[[ COLLECTED MATERIAL, beginning ]]

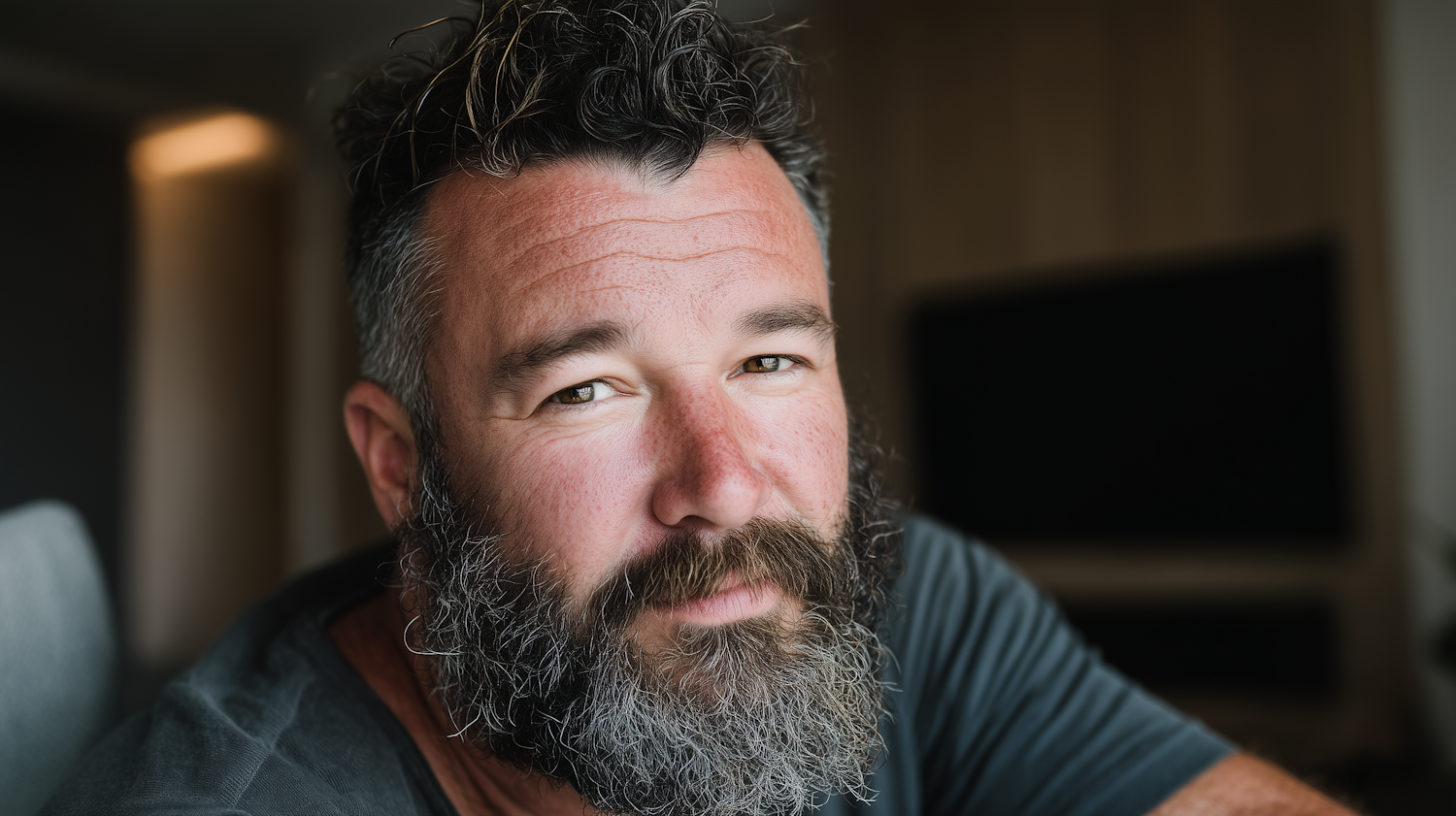 A bearded man with wavy hair and a calm expression, captured in warm indoor lighting with a softly blurred background.
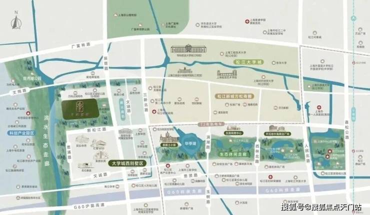 萃屿原墅所在的松江新城高端别墅区北接 松江大学城 ,南临 G60科创走廊 , 东靠 政务金融中心 , 西邻 油墩河谷规划 ,兼具成熟配套与产业动能: · G60科创走廊 : 长三角一体化重要引擎,连接沪苏浙皖3省1市9个重要节点城市,松江段形成约 2700 家企业集群,其中高新科技企业约 324 家, 产业势能与人口红利非常强劲!
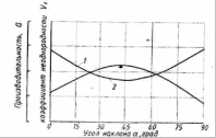 Мал.5.4. Залежність продуктивності (1) і коефіцієнта неоднорідності змішування (2) від кута нахилу лопатей на валу.

[[ COLLECTED MATERIAL, end ]]

Write the material out again exactly as it appears, dropping the pictures.

 A bearded man with wavy hair and a calm expression, captured in warm indoor lighting with a softly blurred background.
 萃屿原墅所在的松江新城高端别墅区北接 松江大学城 ,南临 G60科创走廊 , 东靠 政务金融中心 , 西邻 油墩河谷规划 ,兼具成熟配套与产业动能: · G60科创走廊 : 长三角一体化重要引擎,连接沪苏浙皖3省1市9个重要节点城市,松江段形成约 2700 家企业集群,其中高新科技企业约 324 家, 产业势能与人口红利非常强劲!
 Мал.5.4. Залежність продуктивності (1) і коефіцієнта неоднорідності змішування (2) від кута нахилу лопатей на валу.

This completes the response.